But we digress. A lot. Having missed the Ramos incident it was time to steel myself for penalties. And what a set of spot kicks. How the Russians held their nerve. How Spain lost theirs. Big time. I’d not seen that much stuttering on the run ups since Norman Collier picked up a microphone. Yet with the Spanish doing their best to hit them straight down the corridor of saveability, the host nation triumphed. And boy, how they celebrated.

Probably not as much as the VAR team whose relatives were subsequently released from whichever holding cell that Mr. Putin had them in. Cancel the trip to the salt mine. Hey, as noted I didn’t even see it live but having caught up since, I’m not upset anyway. If Vladimir is reading (let’s not even go there) yours truly has backed the hosts at 40/1 to win the thing. Purely for research purposes and a wager that can happily slide down the pan if it ultimately means an England triumph.

With Russia through it was the turn of Denmark and Henrik Dalsgaard of Brentford ™ . They couldn’t have got off to a better start, scoring with less than a minute on the clock. They couldn’t have had a worse reaction – conceding just three minutes later. Yet that’s how things stayed. Pushing on through to full time and then beyond, another penalty shoot-out was as much a certainty as Brentford losing a play-off final. But then drama. With just three minutes left, Luka Modric was given the chance – quite rightly in this instance – to score from the penalty spot. Instead, Kasper Schmeichel dived to his left and smothered the ball, leaving the match alive and another shoot out beckoning.

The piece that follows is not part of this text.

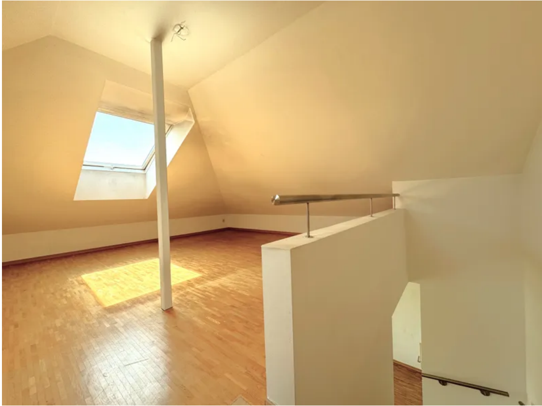
OG WG 11

It really was a wonderful moment in an otherwise dungheap of a game. Football as cagey as you could ever expect to see between two evenly matched  teams that nullified each other in the attempt to haul themselves over the line. Yet with the prize on offer, who could blame them for playing to go through?

This time it was Danijel Subasic, the Croatian goalkeeper, who was the hero. Schmeichel may have saved a further two penalties in the shootout but his counterpart stopped three to leave his team mates celebrating like they’d won the FA Cup. Somebody really should use that one.

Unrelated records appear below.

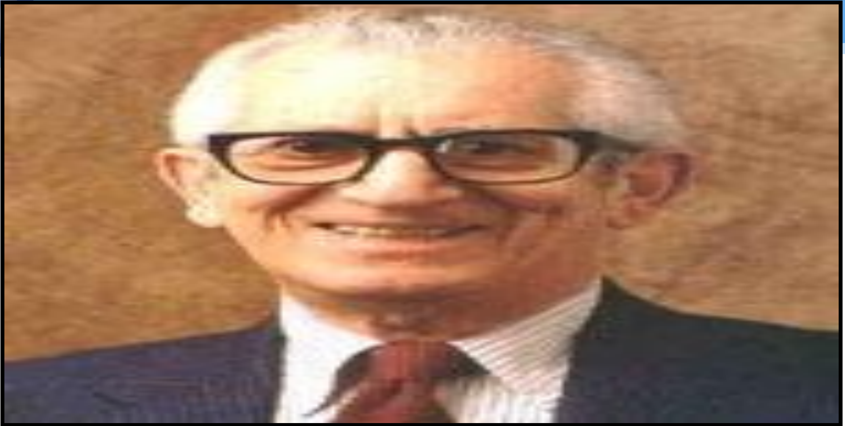
Бенджамин Блум (1913-1999)

Литература: Bloom B.S. (ed.). Taxonomy of Educational Objectives: The Classification of Educational Goals. Handbook 1: Cognitive Domain. N.Y.. David McKey Co. 1956.
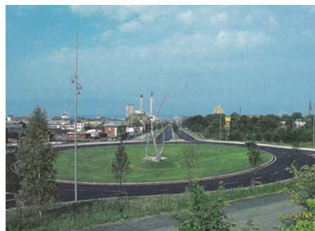
Figur 5. Trafikplats efter ombyggnad till cirkulationsplats. Ur Hermansson 1999 s. 127.

Skulpturer eller byggnadsverk i stadsportens skala kan uppföras för att väcka besökarens intresse (Laurén 1992 s. 20). Att låta konstnärer medverka vid utformning av stadsporten kan bidra till en lyckad helhetslösning. Det är viktigt att låta konstnären kliva in i projektet i ett tidigt skede för att få ett lyckat resultat. Konstverk löper annars en risk att
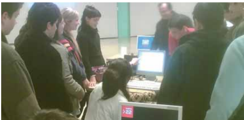
Alumnes de 4t d'ESO van visitar l'espai de noves ocupacions Porta22 de Barcelona Activa.

Una visita al Saló Estudia, entre els dies 21 i 25 de març, clourà les activitats del programa local d'orientació laboral i acadèmica.
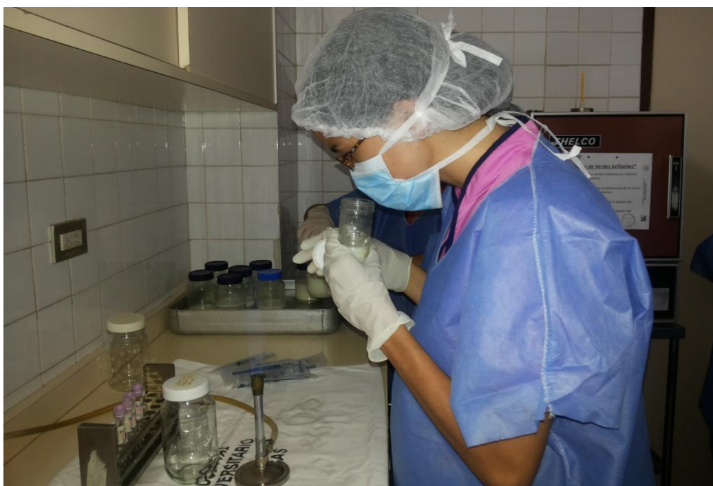
Sesión Práctica del Curso Medio de Bancos de Leche humana y Lactarios institucionales. En la foto: Evaluación sensorial para la selección de leche a ser sometida a Pasteurización en el Banco de leche del Hospital Universitario de Caracas

All over TW8 there were tears for Henrik Dalsgaard. He played the full game, again, and can leave the tournament with his head held high. Both he and Brentford have only come out of this with our respective stocks rising further. Whatever else happens in Russia, Henrik can be sure of a hero’s welcome when he comes back to Griffin Park.  I can already hear Peter Gilham loosening his vocal cords.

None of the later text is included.